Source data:
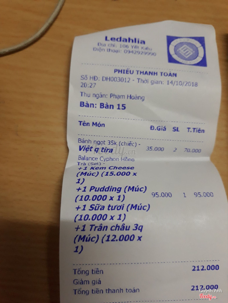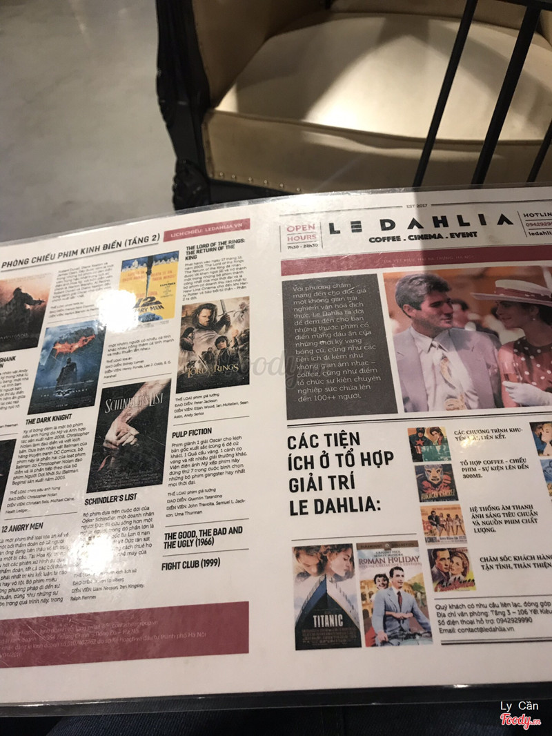 6.4Le Dahlia - Coffee, Cinema & EventTrà kiểu hoàng gia đã k lạ gì vs nhiều ng r và giờ n vẫn đang hot trend.Chọn 1 ngày cuối tuần đến thử xem độ hot của em n. Vị trí:106 yết kiêu có biển đỏ đen le dahlia ở ngoài nên rất dễ nhìn, ở ngoài còn có xích đu Không gian: có 2 tầng order xong ngồi tầng 2, ngoài bán trà các thứ còn có cả rap chiếu phim chiếu bộ phim nổi hồi xưa. Gọi 1 ấm trà với topping: trân châu trắng, sữa, puding, đường... chờ ấm trà đun sôi ngay ở bàn r nhận ly nước còn đang nóng. Trà uống bt đc ấm trà đun hay.Bánh r uống trà quá hợp r. Tổng :212k ...Xem thêm
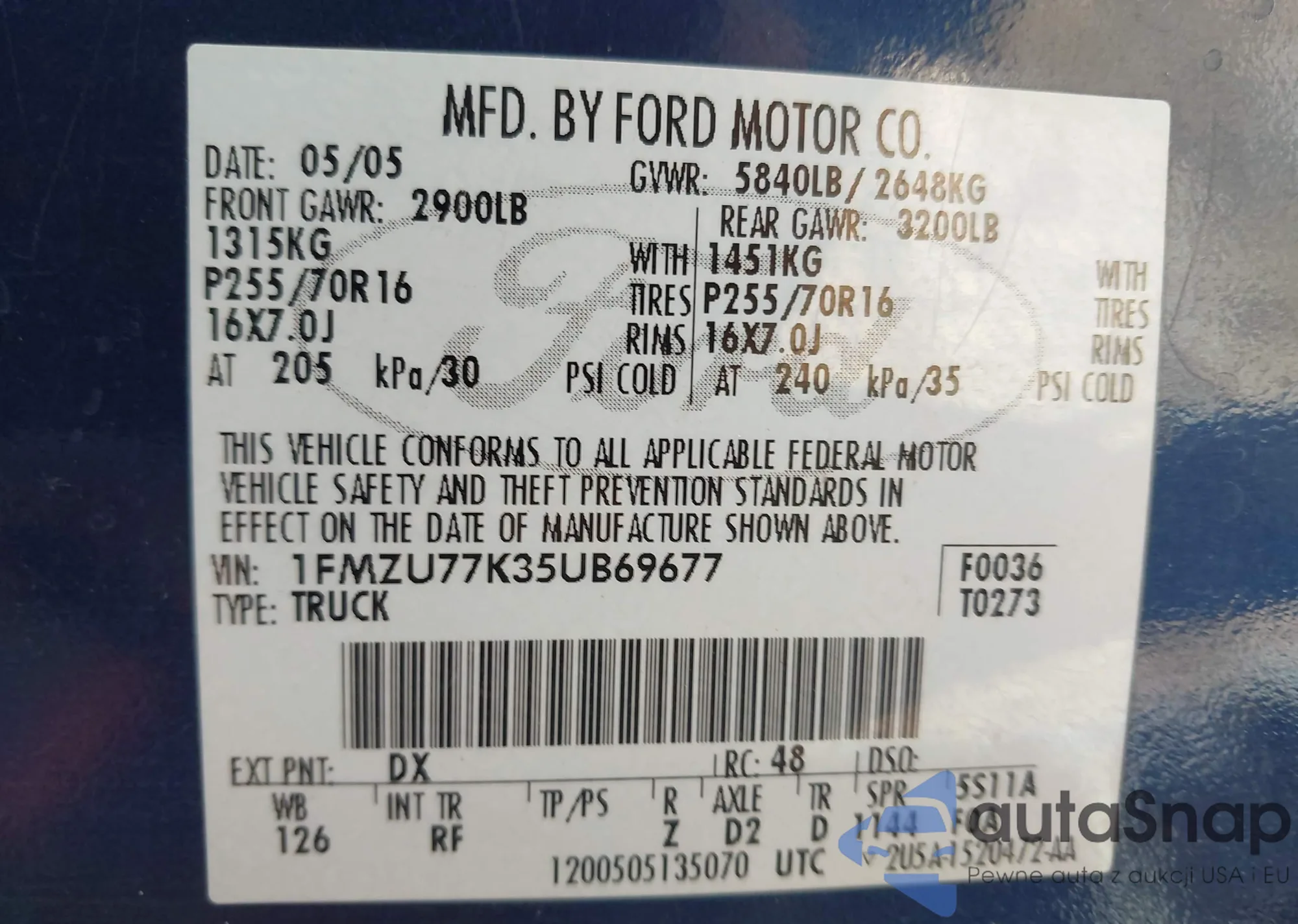 • VIN: 1FMZU77K35UB69677
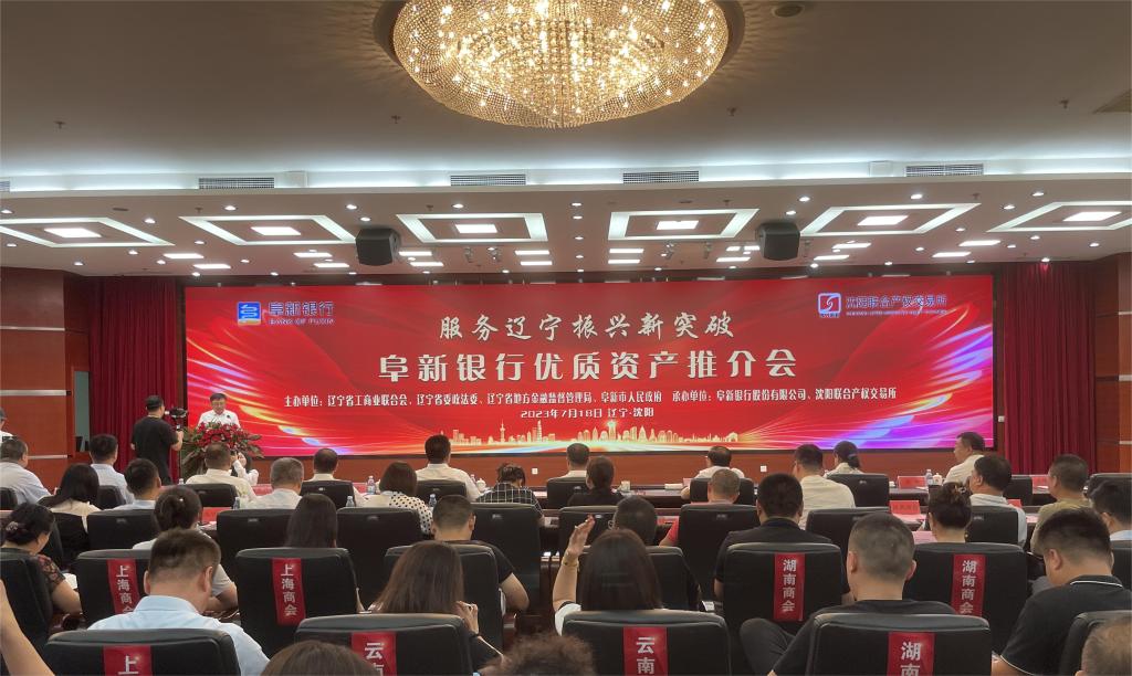2023年7月18日,由遼寧省工商業(yè)聯(lián)合會、省委政法委、省金融監(jiān)管局、阜新市政府主辦,沈陽聯(lián)合產(chǎn)權交易所集團與阜新銀行承辦的阜新銀行優(yōu)質(zhì)資產(chǎn)推介會在沈交所集團成功舉行。遼寧省政協(xié)副主席、省工商聯(lián)主席、總商會會長趙延慶、省金融監(jiān)管局副局長吳濤、阜新市政府副市長胡國勇、省政法委處長蘇玉朋、阜新銀行黨委書記盧德開及省工商聯(lián)、阜新市相關部門領導出席會議。來自省工商聯(lián)20家商會、會員企業(yè)家代表、多家不良資產(chǎn)投資機構、律所、不動產(chǎn)中介機構等二級市場機構,120余投資者現(xiàn)場參會。
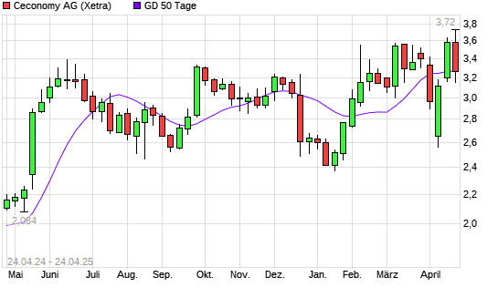 Mit dem Anstieg auf 3,28 EUR hat die Ceconomy St-Aktie am 23.04.2025 die 50-Tage-Linie nach oben gekreuzt.
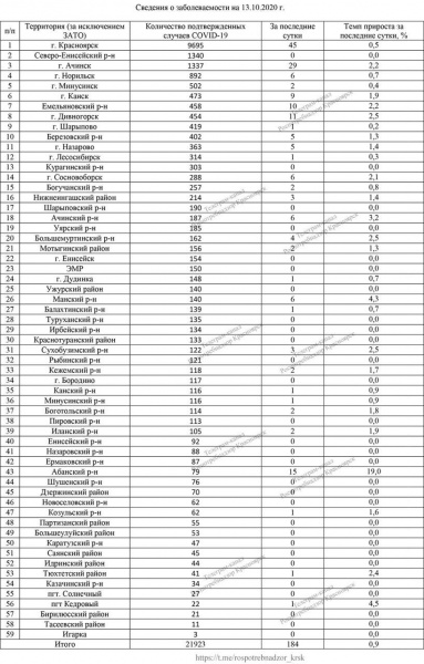 ЗАТО Железногорск и ЗАТО Зеленогорск не входят в общую статистику. На официальном сайте администрации Железногорска указаны 18 новых заболевших за сутки, хотя вчера был всего один. Лидером по новым случаем остается Красноярск — +45, Ачинск также догоняет краевой центр, там +29 случаев за сутки.
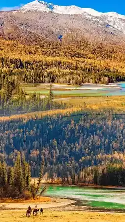 Kanas, meaning "beautiful and mysterious lake" in Mongolian, is located on Provincial Road 232 (S232) in Burqin County, Altay Prefecture, Xinjiang. It is known as the "God's Reserved Land." Here, glaciers, snowfields, mountains, rivers, lakes, forests, and grasslands come together. Every autumn, it becomes a palette spilled by God, with golden birch forests, azure lakes, and towering snow-capped mountains forming a breathtaking painting.
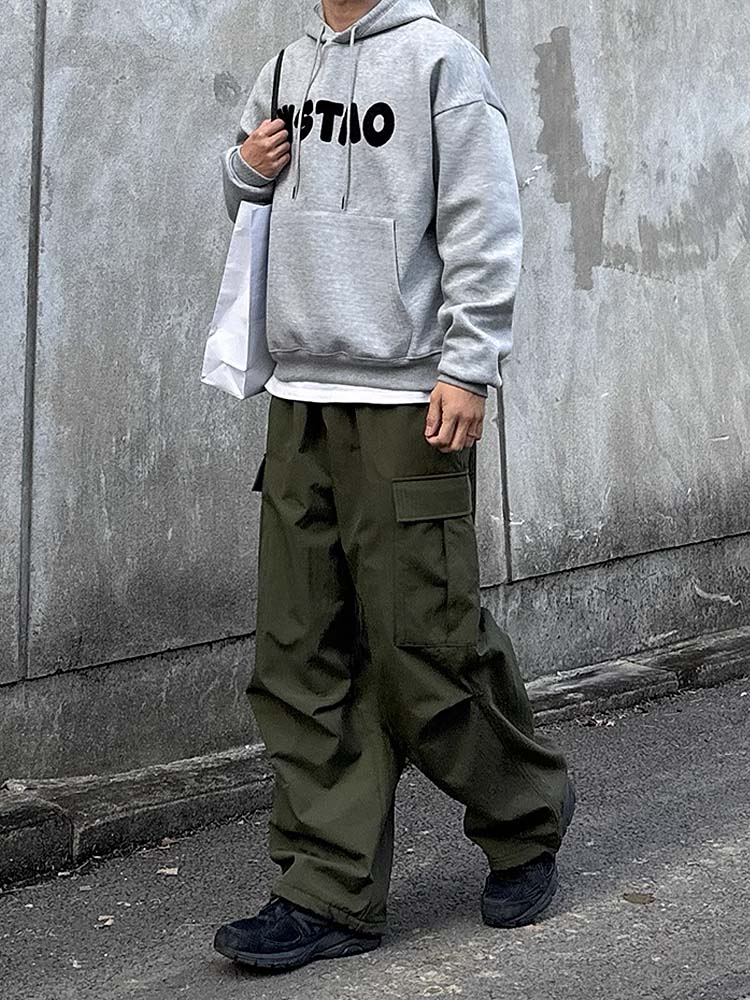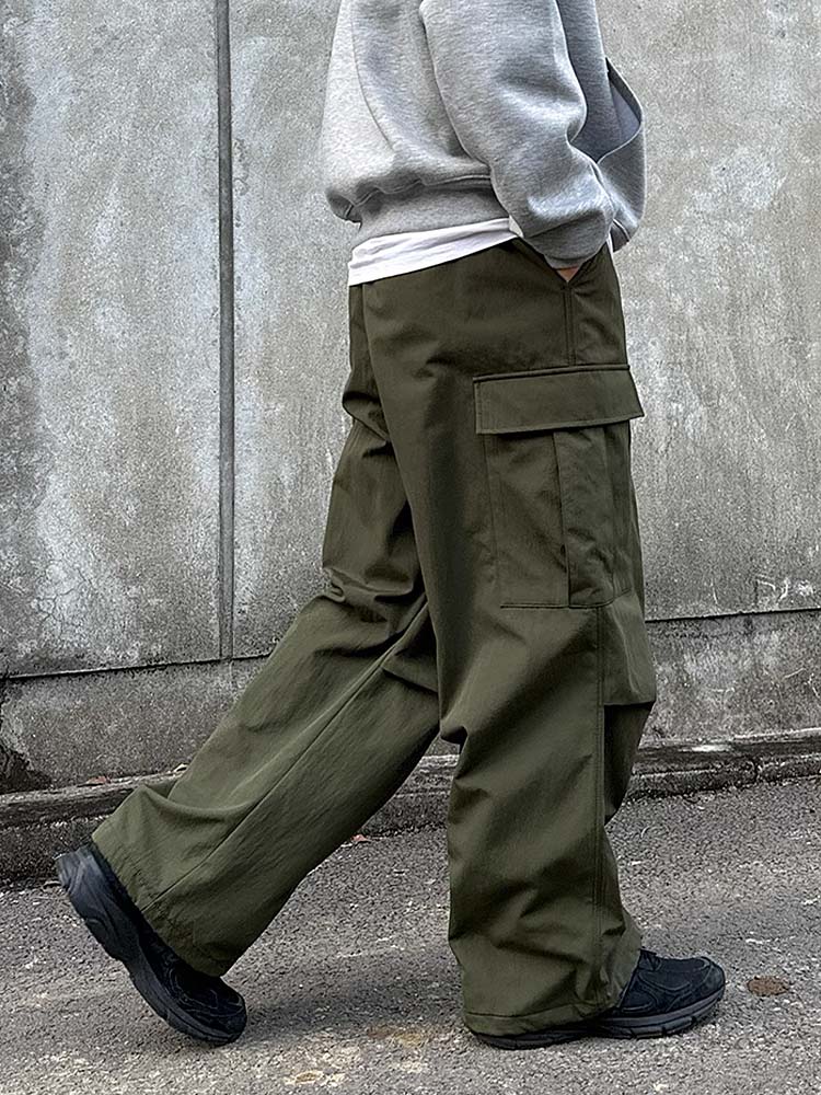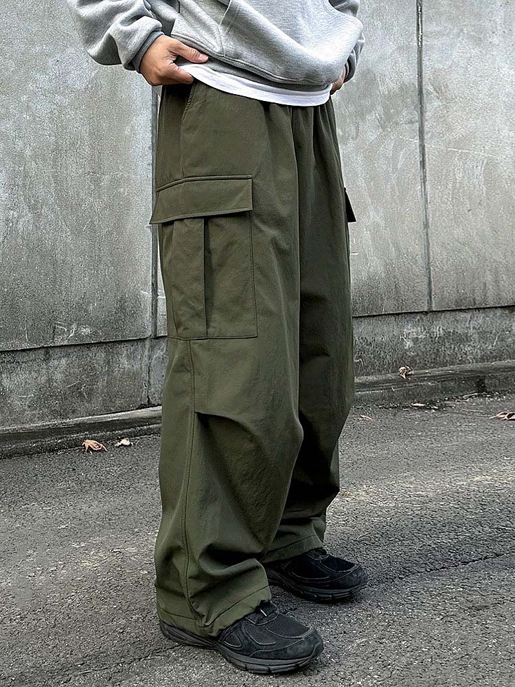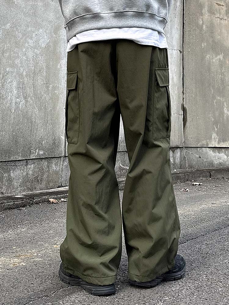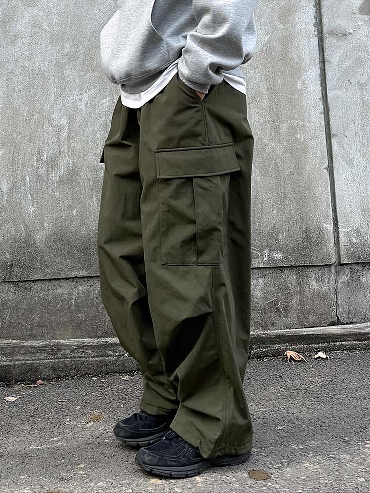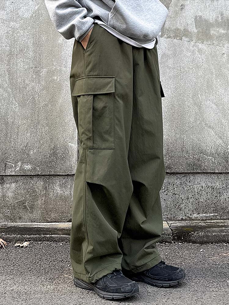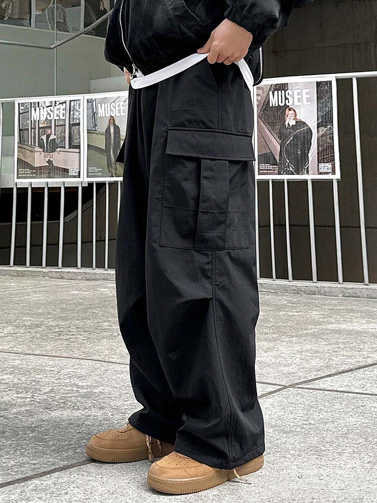 Easy-to-wear relaxed parachute pants with functional pockets.

_What to do_
Each line from the one holding "ЗАТО Железногорск и" through the last line of the records above must be duplicated exactly, and pictures must not be.

_Response for this exercise_
 ЗАТО Железногорск и ЗАТО Зеленогорск не входят в общую статистику. На официальном сайте администрации Железногорска указаны 18 новых заболевших за сутки, хотя вчера был всего один. Лидером по новым случаем остается Красноярск — +45, Ачинск также догоняет краевой центр, там +29 случаев за сутки.
 Kanas, meaning "beautiful and mysterious lake" in Mongolian, is located on Provincial Road 232 (S232) in Burqin County, Altay Prefecture, Xinjiang. It is known as the "God's Reserved Land." Here, glaciers, snowfields, mountains, rivers, lakes, forests, and grasslands come together. Every autumn, it becomes a palette spilled by God, with golden birch forests, azure lakes, and towering snow-capped mountains forming a breathtaking painting.
 Easy-to-wear relaxed parachute pants with functional pockets.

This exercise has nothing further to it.